B. EMPLOYER'S RIGHTS AND OBLIGATIONS
Notwithstanding the procedures contained below, the employer shall:
(i) Be entitled to suspend an employee with or without pay during the investigation process provided that:
(a) the suspension shall not be for longer than is reasonably necessary to conduct a proper investigation.
(b) the suspension shall be limited to circumstances where suspected unsatisfactory work performance or conduct, if substantiated, would constitute a serious breach of the employer’s code of conduct, policies, procedures, or the employee’s contract of employment.
(c) suspension without pay during an investigation shall be for a period of not more than two weeks, except where the progress of the investigation is delayed due to the unavailability of the employee and/or their representative in which case the period of suspension without pay may be extended for a further period of up to 7 days or such greater period by agreement.
(d) If, after investigation, the reasons for the suspension are found to be inappropriate, the employee shall not suffer any loss of pay for the period under suspension.
(e) The suspension shall not affect the employee's continuity of service for the purposes of accruing leave entitlements.
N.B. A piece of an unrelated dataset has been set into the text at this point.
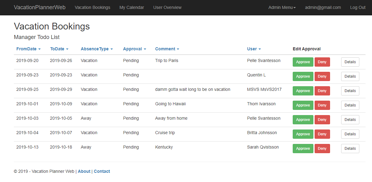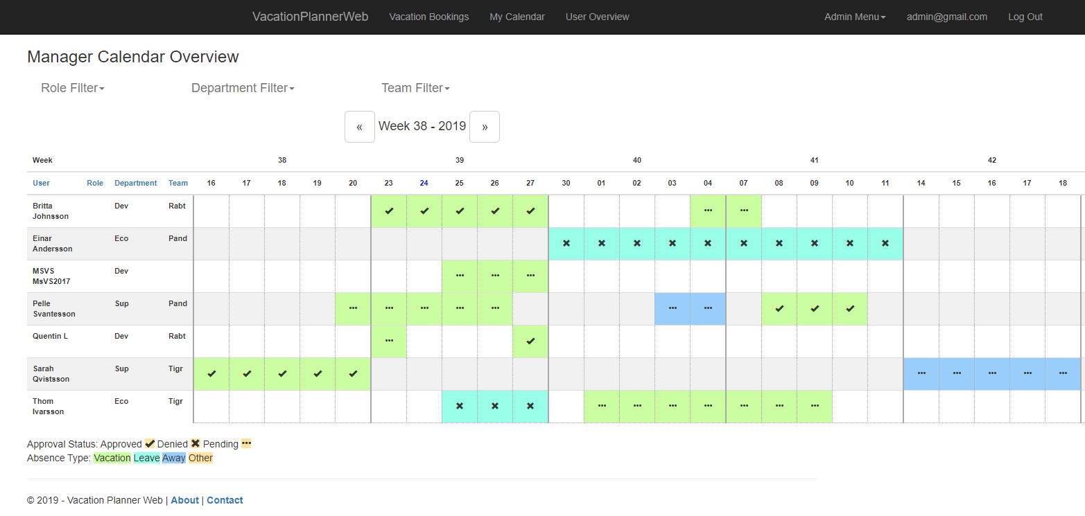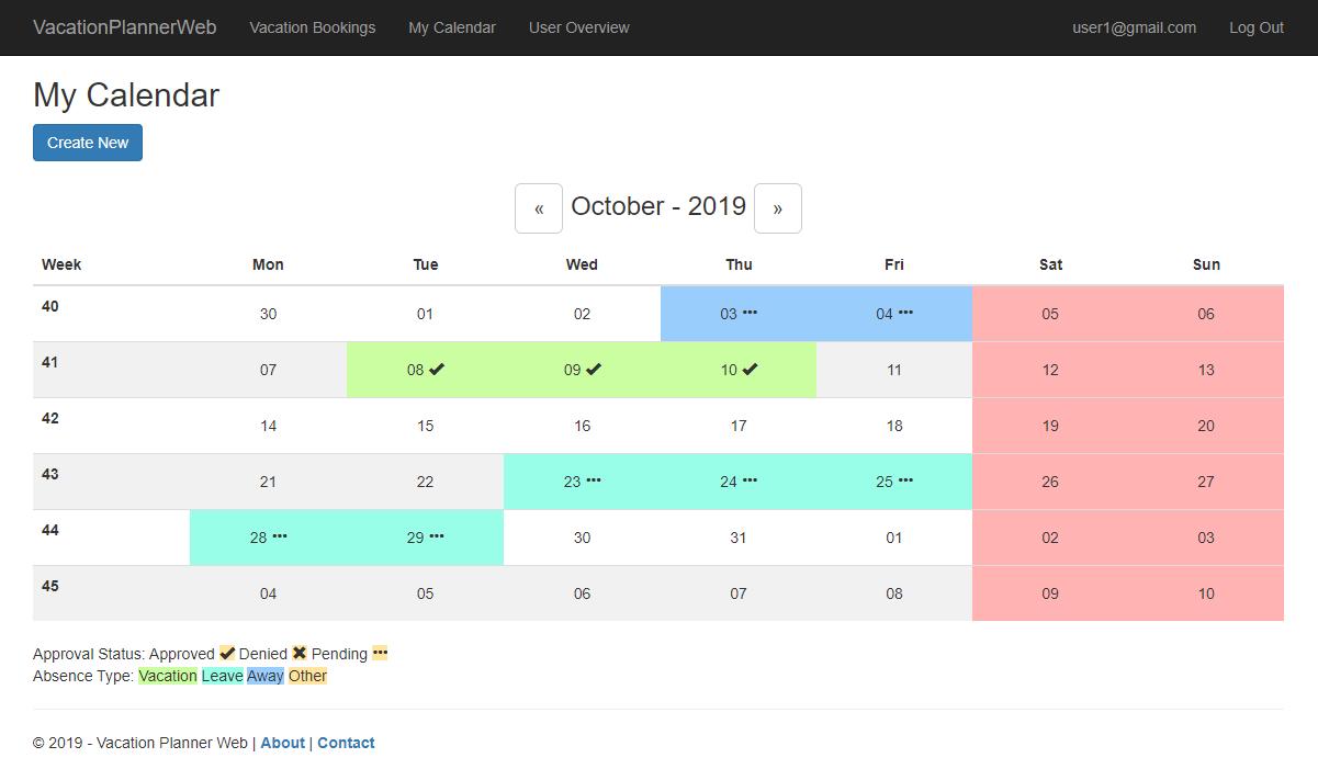 VacationPlannerWeb A website where you can book and manage your vacation leave in your organization. Link to the Website on Azure: https://vacationplannerweb20190923103617.azurewebsites.net/ (Offline) Features Book your vacation Manage the vacation bookings Get an overview of the bookings
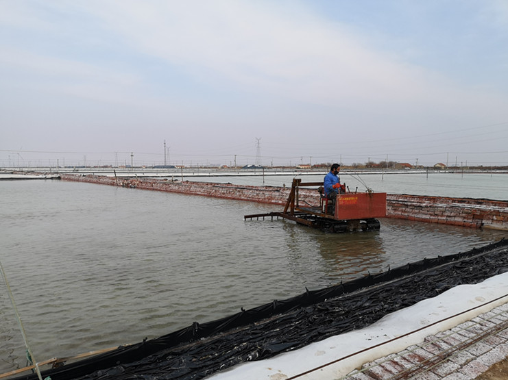 破碴勤、破碴透,才能保證原鹽生產(chǎn)的旺產(chǎn)增收。進(jìn)入2月下旬,雖然受新冠肺炎疫情影響,相關(guān)工作較往年延遲,但新河制鹽分公司科學(xué)組織,嚴(yán)密安排,根據(jù)春季扒鹽節(jié)奏,合理調(diào)配破碴機(jī)械,率先啟動(dòng)原鹽破碴工作。在十班破茬碴現(xiàn)場(chǎng),班組結(jié)晶池內(nèi)熱火朝天,只見一臺(tái)臺(tái)破碴機(jī)快速來回穿梭,正在對(duì)擬春扒格塊進(jìn)行機(jī)械破碴。勞模創(chuàng)新工作室成員、班長匡洪忠查看破碴的鹽池板后,臉上露出滿意的微笑,他說:“通過近幾年的小改小革,現(xiàn)在機(jī)械破碴格塊只要一個(gè)小時(shí)就全部到位,而且質(zhì)量比人工破碴好,大大地減輕了職工勞動(dòng)負(fù)荷。”

(f) The employer shall not unreasonably refuse an application for paid leave under this provision.
(g) By agreement an employee may be transferred to another position or place of work.
(ii) Be entitled to request the presence of an Association and/or union representative at any stage.
C. WORKPLACE INVESTIGATIONS
(i) The parties to the Award have agreed on guidelines (“guidelines”) concerning workplace investigations.
(ii) Failure to comply with the guidelines may be used as evidence that a person or employer has failed to properly conduct or speedily conclude a workplace investigation. However, a person or employer cannot be prosecuted only because of a failure to comply with the guidelines.
(iii) Upon becoming aware of possible unsatisfactory work performance or conduct by an employee the employer may decide to investigate.
(iv) Workplace investigations are a process by which employers gather information to assist the employer to make an informed decision. Workplace investigations typically involve enquiring, collecting information and ascertaining facts.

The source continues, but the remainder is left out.